- Born: 1990 or 1991 (age 34–35)
- Education: Johns Hopkins University (BS); University of California, Berkeley (PhD);
- Occupation: Chief technology officer
- Employer: Mammoth Biosciences
- Relatives: Nathan Chen (brother)

= Janice Chen =

US biotech entrepreneur

Janice Chen is the co-founder and chief technology officer of Mammoth Biosciences, a Brisbane, California-based company, founded in 2018, that is developing diagnostic tests using CRISPR. She received her B.S. degree from Johns Hopkins University and her Ph.D. in Molecular and Cell Biology. from the University of California, Berkeley, where she worked in the lab of CRISPR pioneer Jennifer Doudna.

== Awards and honors ==
Along with two of her co-founders at Mammoth Biosciences, Chen was named to the 2019 Forbes 30 Under 30 Healthcare list and 2020 Business Insider's 30 Under 40 in Healthcare. She was also selected to the 2020 Endpoints Top 20 Women in Biopharma, and 35 Innovators Under 35 in MIT Technology Review in 2021.

==Personal life==
Chen grew up in Salt Lake City, Utah, and is one of five siblings. Her youngest brother is Olympic figure skater Nathan Chen. Their parents had immigrated to the United States from China in 1988. Chen competed in chess tournaments, where she was often the youngest and the only female. She discovered her love of science at her father's biotech business in Utah.

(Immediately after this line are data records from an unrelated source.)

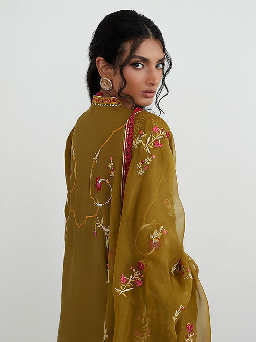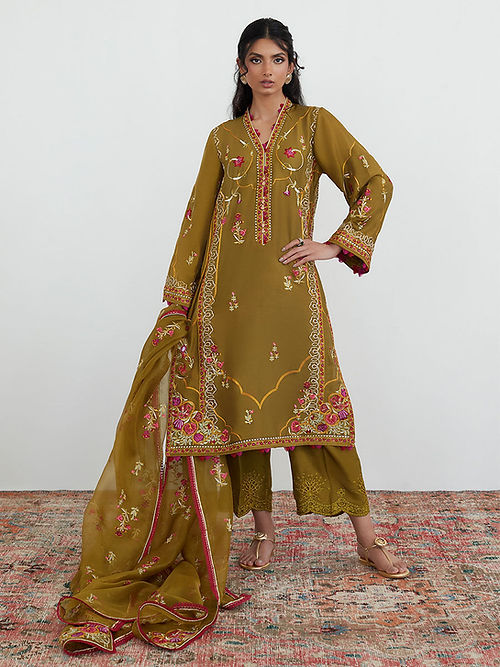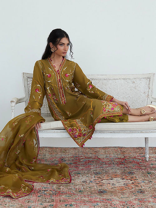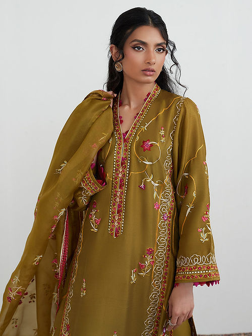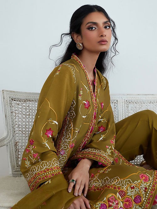 A deep shade of olive raw silk is adorned with stunning composed embroidery all over the front, back and sleeves in shades of off-white, fuchsia pink and coral.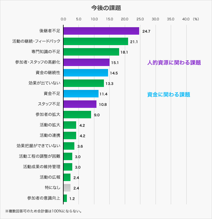里海づくり活動の主体が懸念する課題は、「スタッフや参加者の高齢化・後継者」「活動資金・資金の継続性」等、人にかかわる課題、資金等継続性に関する課題が多くあげられている。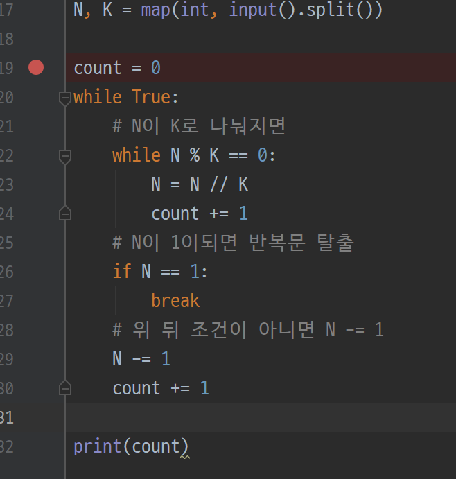 1. 먼저 N을 K로 나눌수 있을 때까지 나누고 N이 1이면 끝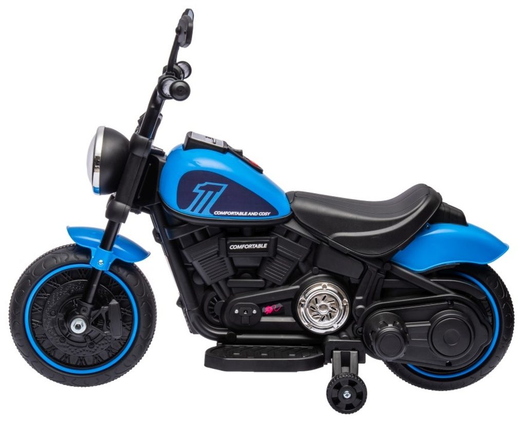 Dětská elektrická motorka Faster s možností sundání podpůrných kol. Efektní startování pomocí tlačítka se zvukem motoru. Plastová kola s páskem o průměru 22 cm. Poháněna motorem 1x20W. Pohon je aktivován plynovým pedálem umístěným v opěrce nohy. Po uvolnění se motorka zastaví. Pokud již dítě udrží rovnováhu lze kolečka sundat. Vybavena předním LED přední světlem a melodiemi. Motorka je dodávána v rozloženém stavu.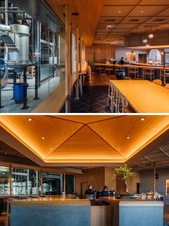カフェ内のインテリアは和風な設えで、一角には日本美術院同人の井手康人画伯の描いた幻想的な『九大の森』の絵画が飾られている。切り出しの石を積んだ店の入口までのアプローチから上野焼のコーヒーカップまで、「日本のスペシャルティコーヒー」というコンセプトが空間全体に反映されている。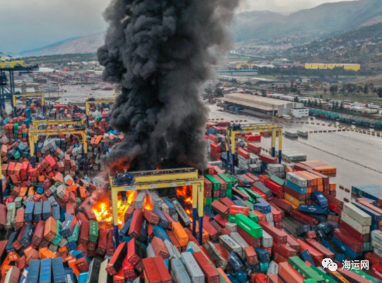 据路透社的目击者和录像显示,周一大地震过后,土耳其位于东地中海沿岸哈塔伊省南部的最大港口伊斯肯德伦港发生集装箱倒塌并引起严重火灾,一缕缕黑烟高高飘向空中。
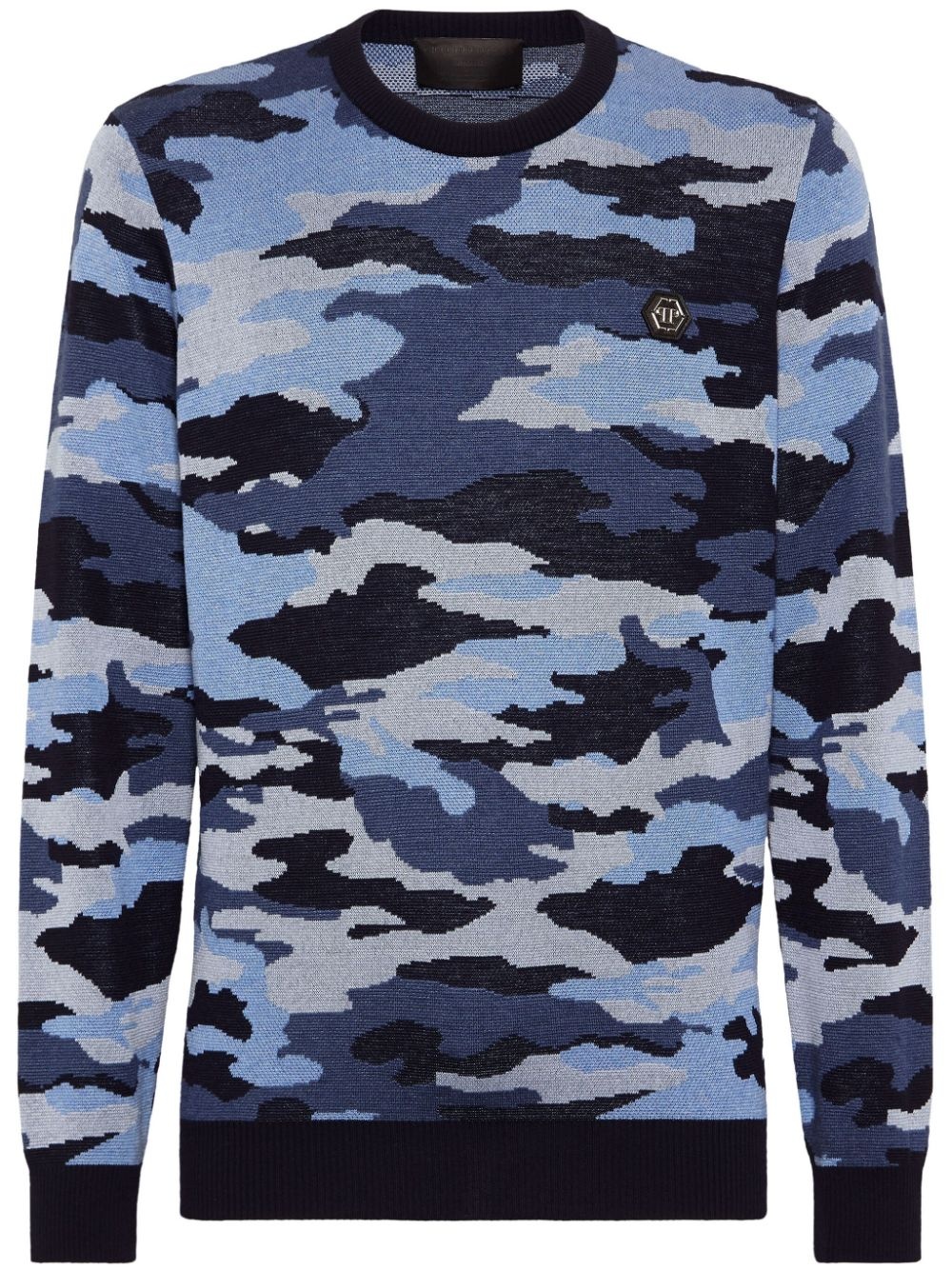 camouflage-pattern merino jumper Highlights - Navy blue/black - Merino wool - Patterned intarsia knit - Intarsia-knit logo - Ribbed-knit edge - Camouflage pattern - Crew neck - Long sleeves - Straight hem Made in Italy Composition Merino 100%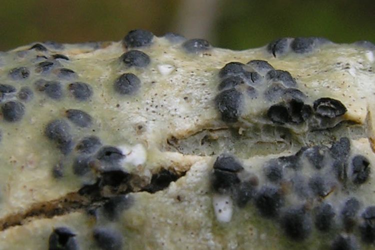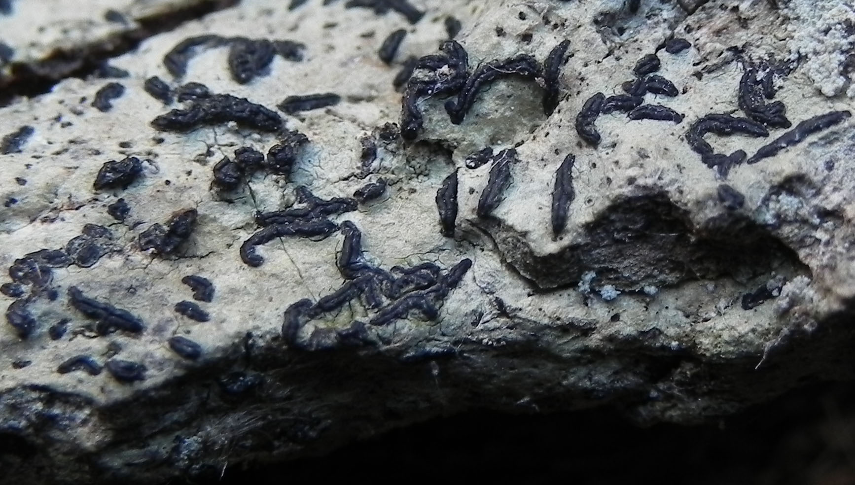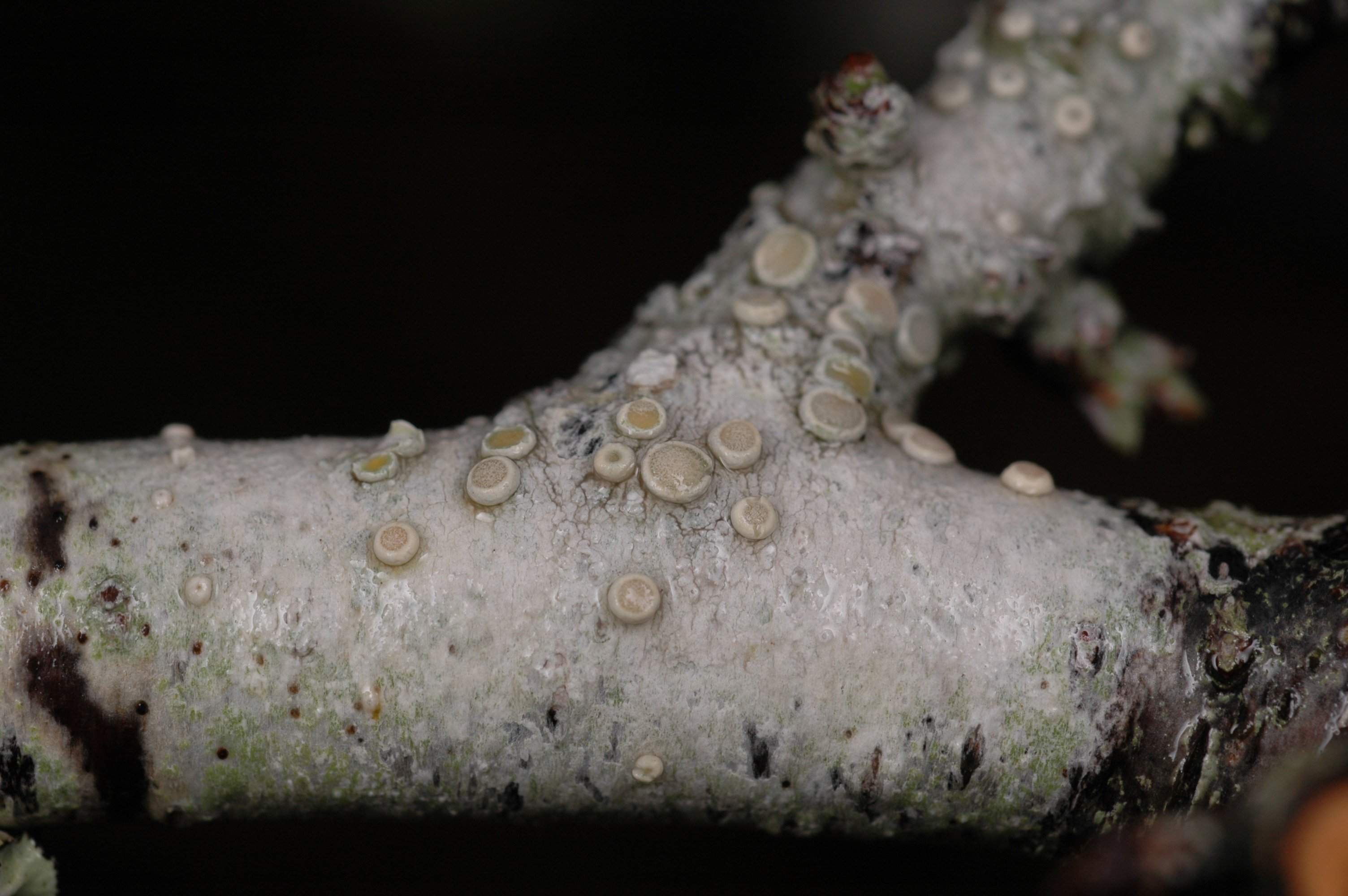 Xerotrema quercicola. N Sanderson. On fallen oak. Powerscourt Deer Park, Wicklow, Ireland. small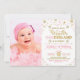 Cute winter-themed first birthday invitation featuring pink and gold snowflakes, faux glitter stars and confetti sprinkles
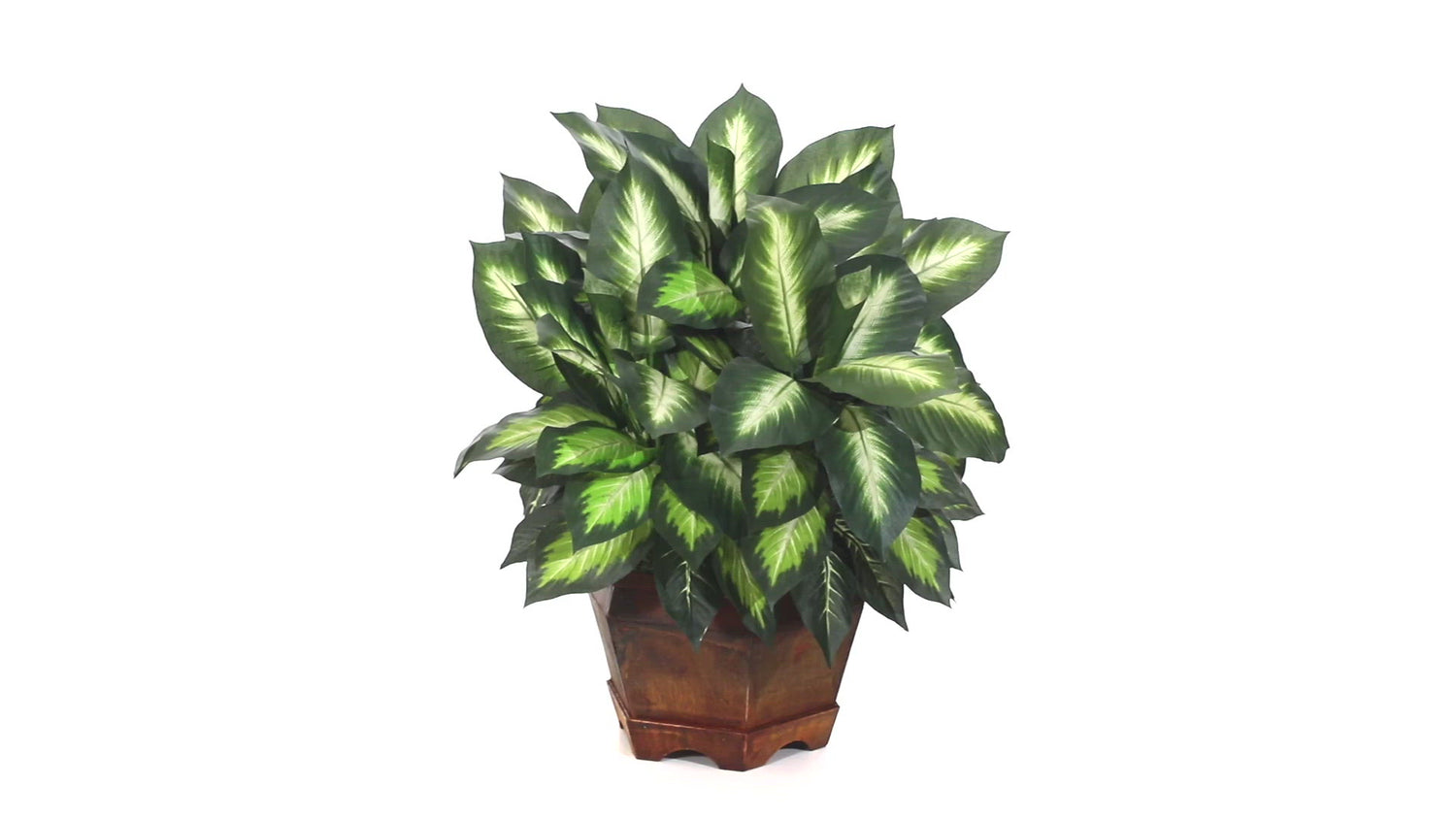 Hugging the ground at 24 inches high, the Golden Deiffenbachia with Large Hexagon Base is a delightful collection of color variation. Notice the dark emerald hues mixed with lighter colors to create a rich tapestry of patterns as they spread out from the center. Just awesome (we can’t help it – that’s the word that springs to mind!) Arranged in a large hexagon pot, this evergreen, never-worry arrangement is sure to adorn any living area with a touch of nature’s beauty.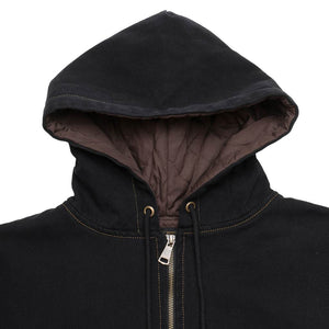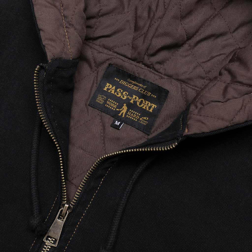 Pass~Port Diggers Club Zip hood in black from range #38. Made from 100% cotton heavy duty washed canvas shell and lined with cotton poplin lining. The Digger Club Hoodie also features digger embroidery on chest and drawstring hood.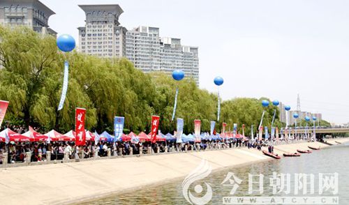 多臺救援保障車輛停在適當(dāng)?shù)奈恢?,有許多相關(guān)工作人員在細心檢查、整理各種救援設(shè)備,確保萬無一失。陸續(xù)搭起的各贊助單位宣介的帳篷中,身著代表不同企業(yè)特點的服裝,讓一大早就趕來的觀眾提前領(lǐng)略他們不一樣的風(fēng)采。陸續(xù)前來的觀眾,他們有的手拿彩旗、氣球在岸邊的甬道兩旁,三三兩兩,三五成群地說笑著,悠閑地等待著比賽開始。雖然,此時離比賽開始還有三四個小時的時間,足見我們朝陽人的熱情。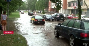 Машины в воде и вырванные деревья. Последствия сильного ливня в Гродно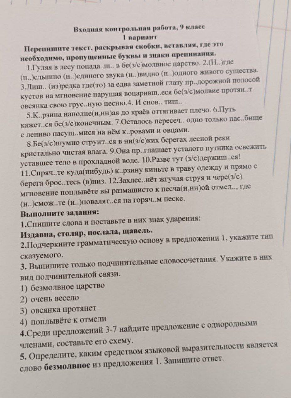 Перепишите текст, раскрывая скобки, вставляя, где это необходимо, пропущенные буквы и знаки препинания. 1.Гуляя в лесу попада..ш.. в бе(з/с)молвное царство. 2.(Н..)где (н..)слышно (н..)единого звука (н..)видно (н..)одного живого существа. 3.Лиш.. (из)редка где(то) за едва заметной глазу пр..дорожной полосой кустов на мгновение нарушая воцаривш..еся бе(з/с)молвие протян..т овсянка свою грус..ную песню.4. И снов.. тиш.. 5.К..рзина наполне(н,нн)ая до краёв оттягивает плечо. 6.Путь кажет..ся бе(з/с)конечным. 7.Осталось пересеч.. одно только пас..бище с лениво пасущ..мися на нём к..ровами и овцами. 8.Бе(з/с)шумно струит..ся в ни(з/с)ких берегах лесной реки кристально чистая влага. 9. Она пр..глашает усталого путника освежить уставшее тело в прохладной воде. 10. Разве тут (з/с) держиш..ся! 11. Спряч..те куда(нибудь) к..рзину киньте в траву одежду и прямо с берега брос..тесь (в)низ. 12.Захлес..нёт жгучая струя и чере(з/с) мгновение поплывёте вы размашисто к песча(н,нн)ой отмел.., где (н..)смож..те (н..)повалят..ся на горяч..м песке.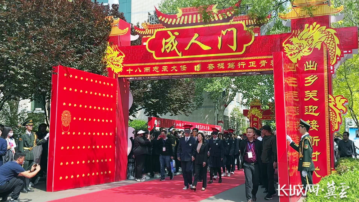 学生牵着父母的手走过“襁褓”“舞勺/豆蔻”,跨过“成人门”。长城网·冀云客户端记者 卢婉凤 摄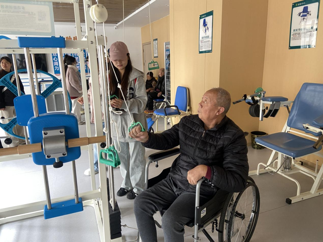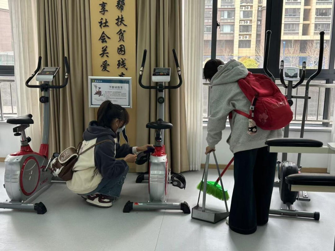 活动伊始,学生们分工协作,对康复训练室进行了全面打扫,擦拭器械、整理物品、消毒地面,为老人营造安全整洁的康复环境。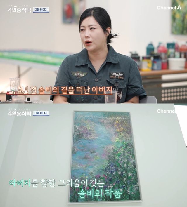 솔비는 "아빠한테 그림을 보여주고 싶다. 이 그림을 못 보고 돌아가셨다"며 아버지를 향한 그리움이 깃든 작품을 소개했다.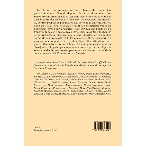 L’évolution du français est un champ de recherches particulièrement fécond depuis plusieurs décennies. Des rencontres internationales se tiennent régulièrement, notamment dans le cadre des colloques « Diachro », de fréquence bisannuelle. Ce volume propose la publication des actes de la dixième édition, qui a eu lieu à Paris en 2022 et réuni des spécialistes venus de nombreux pays pour présenter leurs travaux sur l’histoire du français, de ses origines jusqu’au XXIe siècle. Les différents champs de la linguistique diachronique y sont abordés, en particulier autour de la morphologie et du lexique sans négliger les apports les plus récents en syntaxe et en phonétique. Une attention toute particulière a été accordée à la variété des rythmes affectant les changements linguistiques, notamment à ceux qui, se développant selon une diachronie courte, permettent de rendre compte de la constante capacité d’innovation du français.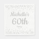 Elegant och modern vit med silver glitter-kvinnans 60:e födelsedagsfest pappra servetter personlig med namn och ålder. All text är anpassade.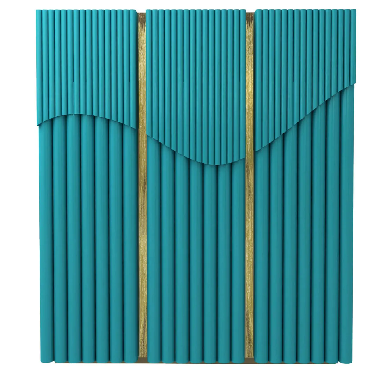 Con una silhouette raffinata e scultorea, questo mobile è un’affascinante aggiunta a un arredamento moderno. Composto da linee delicate e armoniose, è realizzato in legno laccato turchese arricchito da dettagli in ottone dorato. La sua superficie plissettata, che ricorda le tuniche dell’antica Grecia, nasconde un interno prezioso, caratterizzato da due cassetti e da ripiani in vetro trasparente, impreziositi da un luminoso specchio di fondo.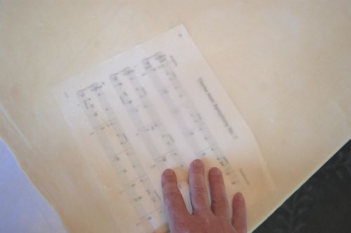You want it thin enough so you can see a printed page through it. Here we have some of little Jo’s piano music. You’ll be amazed at how easy it is to stretch the dough this thin.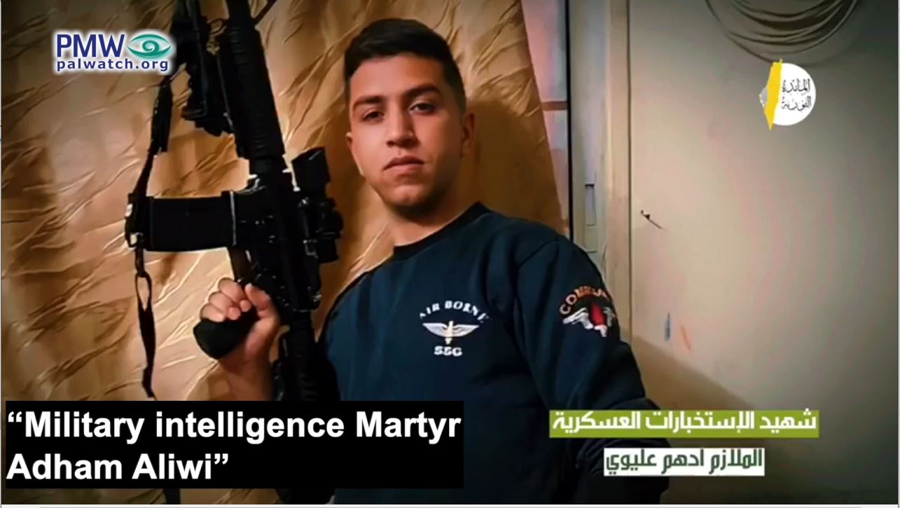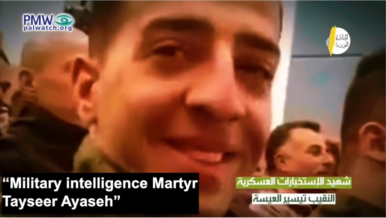 Text on screen: “[PA] military intelligence Martyr Ahmed Abed (i.e., terrorist murderer)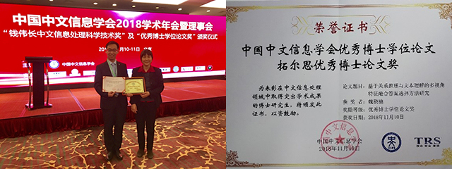 北理工语言智能与社会计算团队2018年斩获两项一级学会 “优秀博士学位论文奖”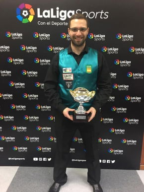 MADRID - Javier Palazón en Juan David Zapata waren de hoofdrolspelers in de Memorial José María Morales, die dit weekend in Madrid is gespeeld. De twee finalisten speelden op een uitzonderlijk hoog niveau in de eindfase van het toernooi. De overwinning ging naar Javier Palazón, die won met 40-39 in 15 beurten (2.666 en 2.600 gemiddeld). Het was een ware demonstratie van de twee finalisten, die het publiek vermaakten in de arena van de Spaanse federatie.

In 2017, Chen and fellow Berkeley classmate and researcher Lucas Harrington, along with their doctoral advisor, Nobel laureate and Berkeley professor Jennifer Doudna, founded Mammoth Biosciences, a biotech company in San Francisco's Dogpatch neighborhood. In September 2021, Mammoth—now in a state-of-the-art facility in Brisbane, California—completed its seventh round of funding, raising US$195 million at a valuation of over US$1 billion.